The WAMSI study, conducted by researchers from the Australian Institute of Marine Science (AIMS) and The University of Western Australia (UWA), is working to help environmental managers predict how corals will react to changing pressures on their environment.

Co-author from UWA’s Centre for Microscopy, Characterisation and Analysis, Gerard Ricardo, said the review highlighted the need to be able to quantify the extent of the changes in the environment in order to accurately predict how coral spawning would be affected.

WAMSI researcher Gerard Ricardo (UWA) collecting freshly spawned eggs for laboratory experimentation. (AIMS)

“This review was partly motivated by the recent resources boom in tropical Australia, the need for dredging for coastal infrastructure and shipping channels to export mineral and petroleum products, and current environmental regulations around protecting coral spawning events during dredging campaigns,” Gerard explained. “However, the findings are equally as applicable to natural events in turbid-zone communities driven by wind-wave induced resuspension.”

Lead author AIMS’ Dr Ross Jones said that while sediments can act as an energy source for adult corals, there are overwhelmingly more than 30 possible causal pathways whereby turbidity-generating activities can negatively affect reproduction and early life-cycle stages.

“We know that it is only very subtle changes in light quantity and quality that trigger spawning,” Dr Jones explained. “A loss in natural synchronicity could ultimately affect the arrival of the gametes at the surface, which could affect the separation for each species, a process which prevents or reduces hybridization between closely-related species by spawning at slightly different times.

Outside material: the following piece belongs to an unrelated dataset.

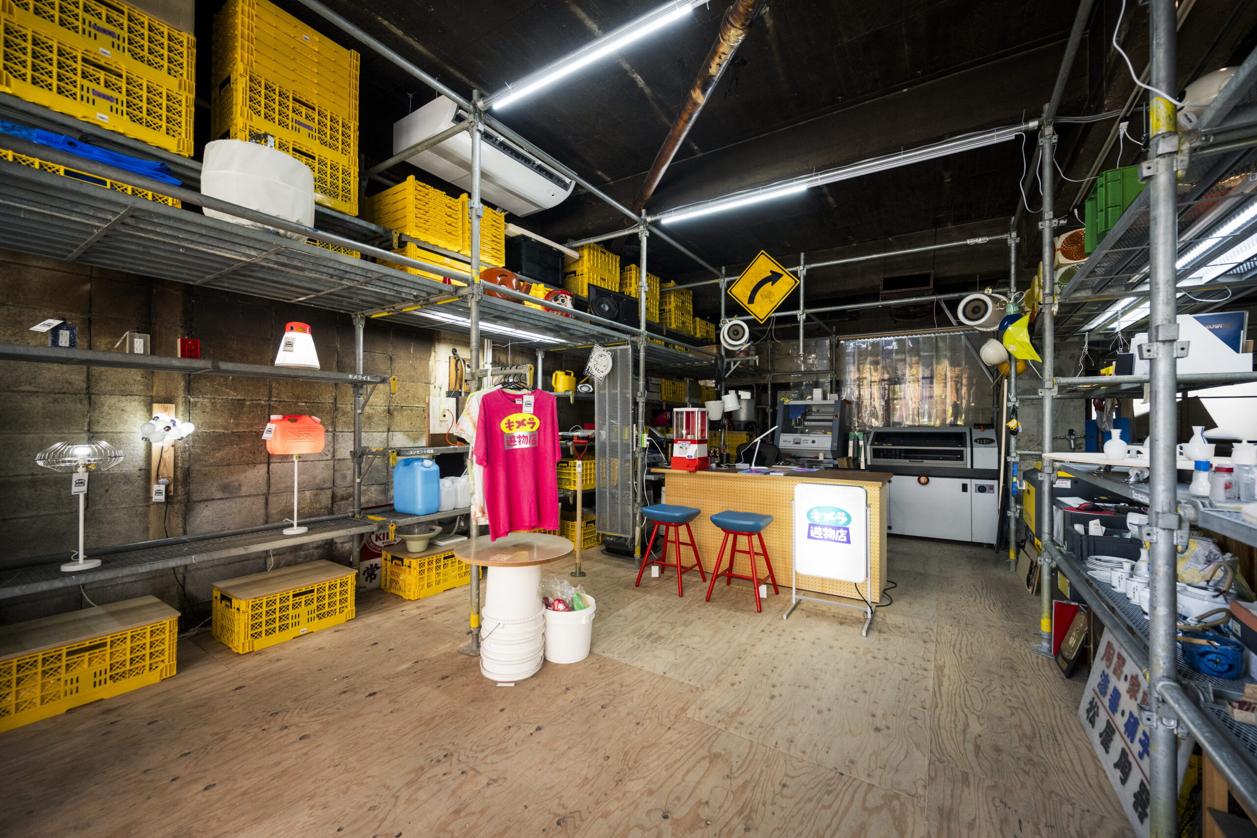 元厨房の1階は、岩沢兄弟がユニークなものづくりを展開する「キメラ遊物店」として運営。まちから集めた材料置き場・工房・店舗を兼ね、さまざまなモノとモノ、アイデアを組み合わせた「キメラ遊物」が岩沢兄弟とその仲間達によって日々生み出されていく。来場者はものづくりの様子を覗きつつ、ときどき開催されるワークショップに参加したり、材料やキメラ遊物を手にとれる。キメラ遊物店の中に謎店舗「“なんでも公式グッズ”セルフ」が立ち上がり、「芸術祭オフィシャル非公式グッズ」や「ちば公式土産(案)」を制作する予定。
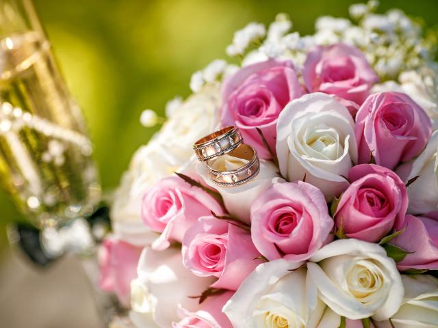Wallpaper Bouquet of pink and white roses with wedding rings

http://ars.els-cdn.com/content/image/1-s2.0-S0025326X15005251-gr1.jpg

Reproductive cycle of the broadcast spawning Acropora species with indicative timings based on the studies of Hayashibara et al. (1997)Okubo and Motokawa (2007)Okubo et al. (2008) and Ball et al. (2002).

In recognition of the sensitivity of the early life-cycle stages of corals, and their importance to the marine community, policy makers have attempted to protect coral spawning periods from sediments generated by dredging-related activities. Since 1993, dredging projects in Western Australia that are close to reefs are required to temporarily stop when corals are spawning five days before spawning and up to seven days afterwards.

This management approach has also been adopted in some dredging projects on the Great Barrier Reef and the possibility of introducing this practice to other locations such as Singapore has been suggested but it’s a contentious issue internationally because it can significantly inflate costs.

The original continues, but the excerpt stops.